In recent weeks, a number of concerned AFSA members have reached out to us seeking clarification on alarming claims perpetuated by far right organisations on social media about the Victorian Government’s Agriculture Legislation Amendments (ALA) Bill, which is currently sitting in Parliament.
The claims made on social media assert that the Government is seeking greater control and increased surveillance powers, which will disempower small-scale farmers and home gardeners. As a farmer-led organisation that advocates for the rights of small-scale producers and individuals to have autonomy and agency over their practices of growing ethical and ecologically-sound food, we would like to assure our members that we are not concerned about these amendments.

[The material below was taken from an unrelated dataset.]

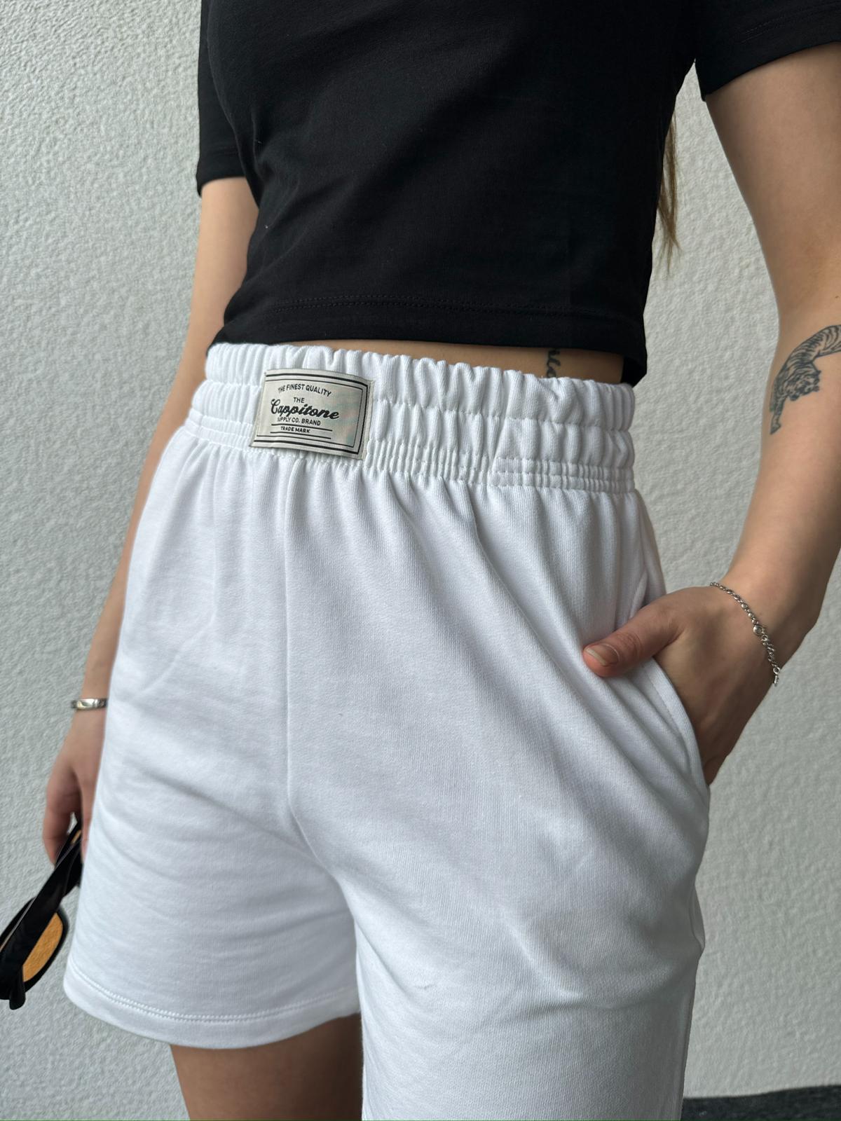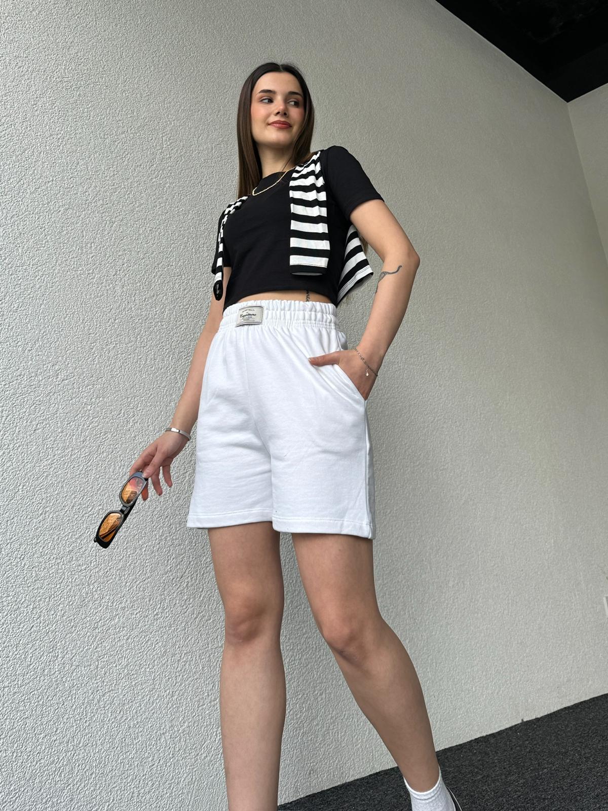 ŞRT-16022 Beyaz Etiket Detaylı Uzun Lastikli Şort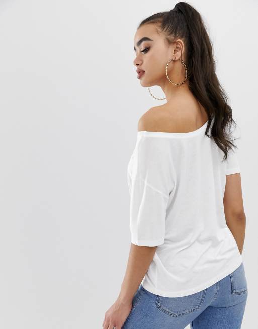 ASOS DESIGN off shoulder t shirt in white ASOS

We engaged the AFSA legal team to look into the source of these claims, and discovered that they originate with far right groups spruiking anti-mandate, anti-vaccination and libertarian ideologies that AFSA publicly condemned last year in a statement against facism in the fair food movement. The COVID-19 pandemic has brought to the surface contentious and uncomfortable debates within our community, about the kinds of freedoms, rights and responsibilities we hold as individuals and to each other. While we hope that conflicting ideas and debate do not weaken or divide our movement, AFSA also stands firmly against facism and the dissemination of untruths that lead to fear in our community.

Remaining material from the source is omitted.